Freitag, 6. Dezember 2013

Mandela zum Anfassen


Hier gibt es einen unglaublich guten, unglaublich gut geschriebenen "Rückblick auf Nelson Mandela als Pop-Phänomen" zu lesen, verfasst von Robert Rotifer, einem in London lebenden Wiener.

Gut, weil sehr, sehr kenntnisreich und ausdifferenziert.
Gut geschrieben, weil überaus lebendig und engagiert erzählt, von den eigenen biografischen Erfahrungen mit dem Mandela-Phänomen plastisch durchwoben sowie von keinerlei abgehobenem musikakademischem Fachsprech getrübt.

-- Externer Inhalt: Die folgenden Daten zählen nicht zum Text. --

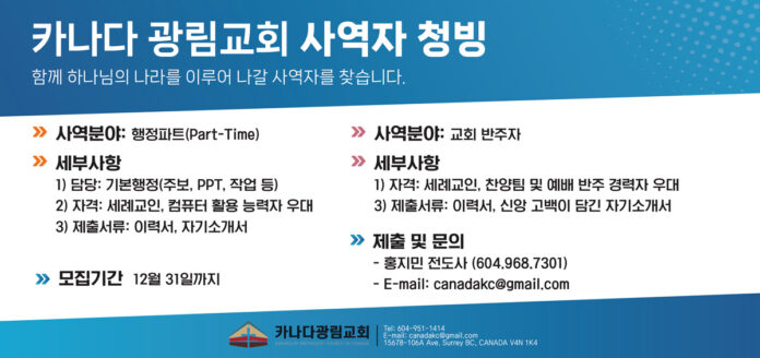 [청빙] 킹스턴한인교회 주일학교 코디네이터 청빙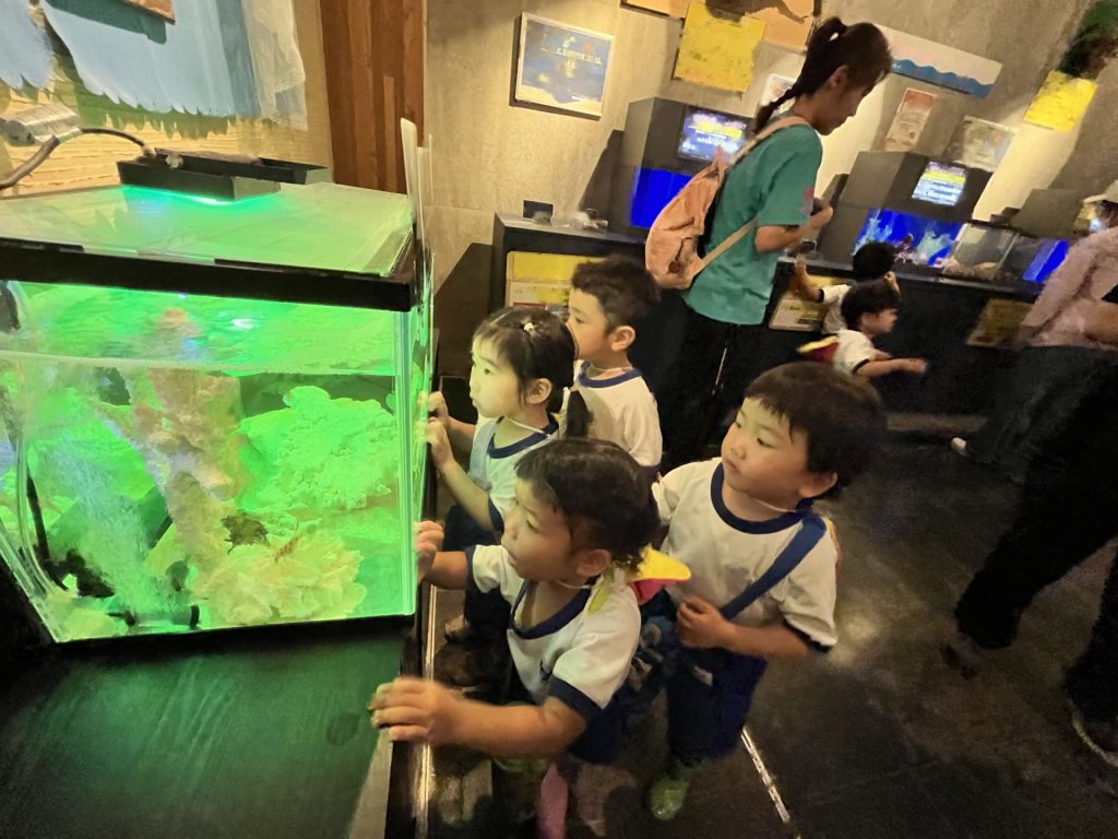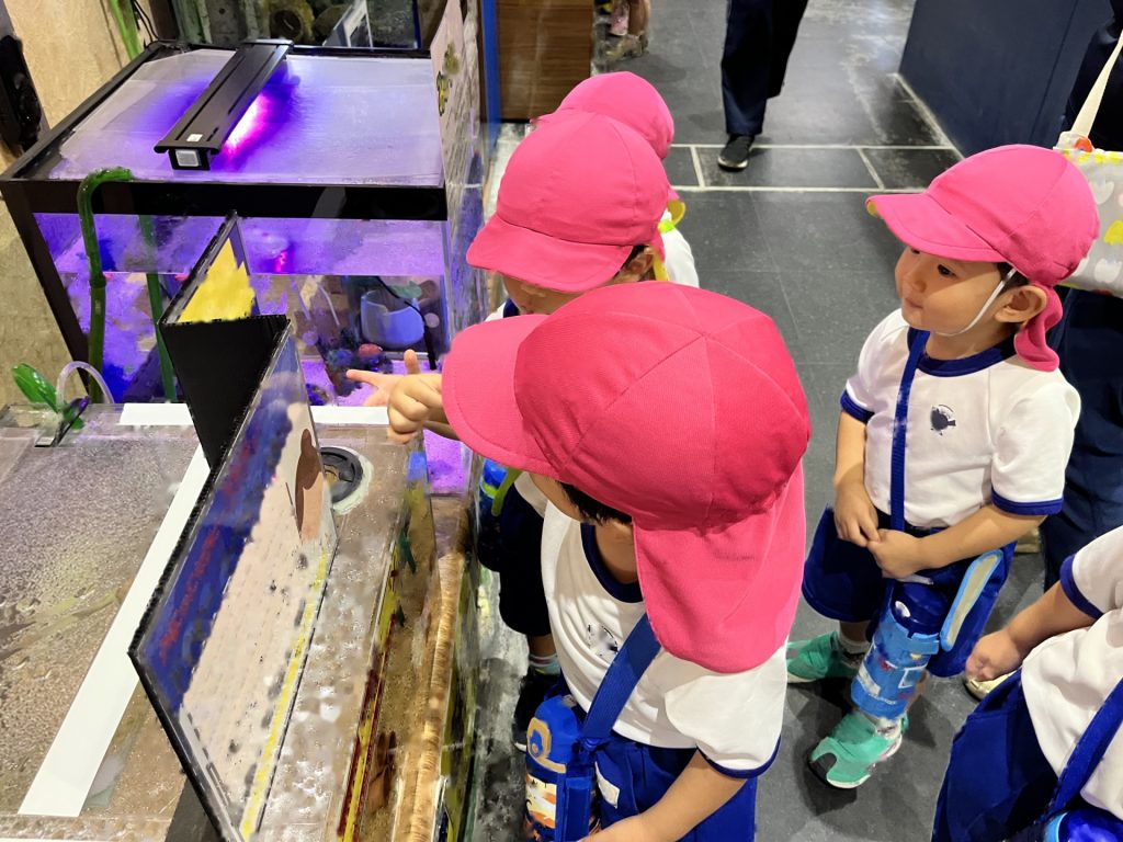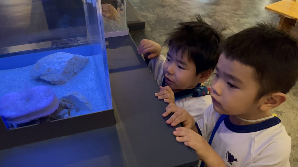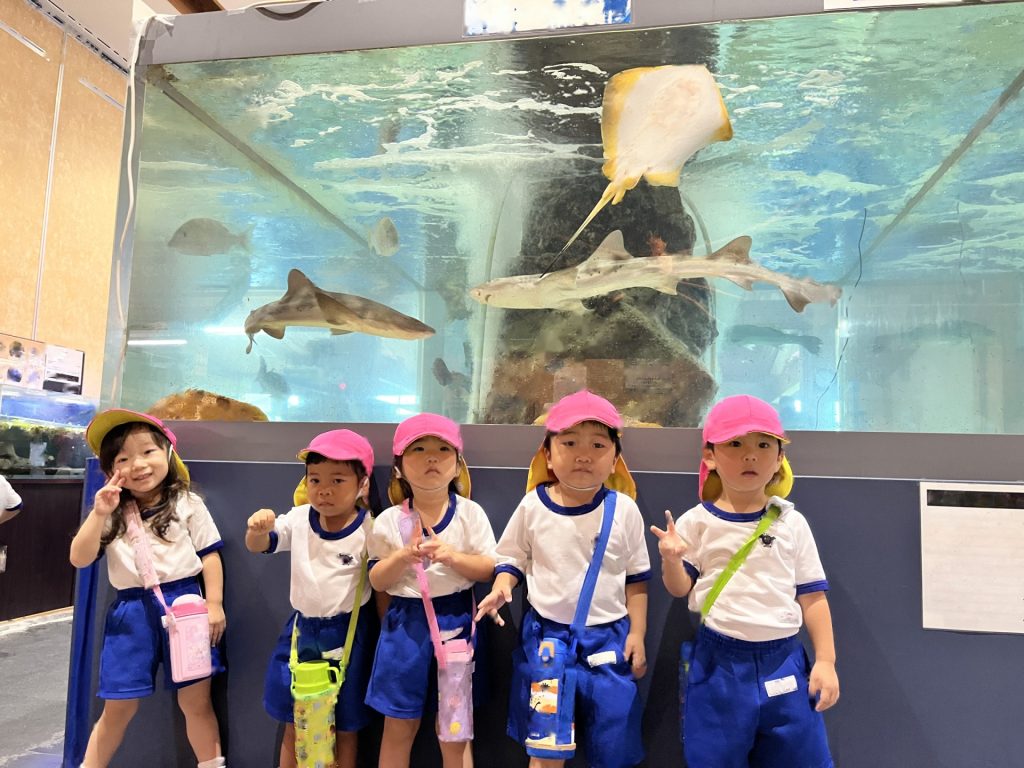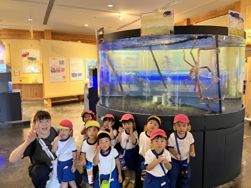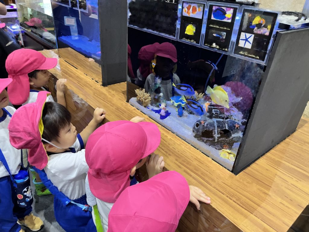 着いてから中の散策を楽しんだり、みんなで写真を撮ったりと館内で自分の見たい魚を見ることを楽しんだたんぽぽ組さん!サメがいることや大きなカニがいることに驚き、一歩後ろに下がって魚を見る微笑ましい子ども達の姿もありました♡

Ich liebe es, wenn profunder musikalischer Sachverstand verschmilzt mit einer so beseelten, körperlich spürbaren Schreibe, wenn der Schreiber - statt auf fachsimpelnde Distanz zu gehen - mich anfasst und rüberbringt, dass er es mag, angefasst zu werden.

21 years in captivity
Shoes too small to fit his feet
His body abused but his mind is still free
Are you so blind that you cannot see? I said...
Free Nelson Mandela, I'm begging you
Free Nelson Mandela
Als ich diese Zeilen als 14- oder 15-jähriger zum ersten Mal hörte, war das meine erste Begegnung mit dem Namen Mandelas. Und ich war ganz sicher nicht der unpolitischste Mensch in meinem Alter. Es war die Zeit der großen Boykott-Bewegung gegen das Apartheid-Regime in Südafrika. Welche Orangen oder Bananen man kaufte, wurde zum großen Politikum. Aber wie jeder Aktivismus, der sich über einen Konsumboykott äußert, hatte auch dieser aus der jugendlichen Perspektive des Taschengeldempfängers betrachtet einen eher abstrakten Anstrich.
Der Autor erzählt von seiner Begegnung mit der Band The Special AKA und deren Titel "Nelson Mandela" und fährt fort:
"Nelson Mandela" von The Special AKA dagegen machte das Anti-Apartheid-Thema nachfühl- und (wichtig) tanzbar. Die erste Zeile nahm einen sofort mit: 21 Jahre in zu kleinen Schuhen gehen zu müssen, das war so ziemlich das unwichtigste Detail, das es über Nelson Mandelas Haft in Robben Island zu wissen gab, aber man spürte es förmlich in den eigenen Zehen. ... (weiterlesen)
Das Weiterlesen lohnt sich. Es kommt einer Reise gleich, einer Reise durch das Lebensschicksal Mandelas und dessen An- und Enteignung in der schwarzen und weißen Popgeschichte, einer Reise durch die persönliche Lebensgeschichte des Autors, seiner Anteilnahme und seines kritischen Beobachtens besonders des weißen Pop-Phänomens "Nelson Mandela".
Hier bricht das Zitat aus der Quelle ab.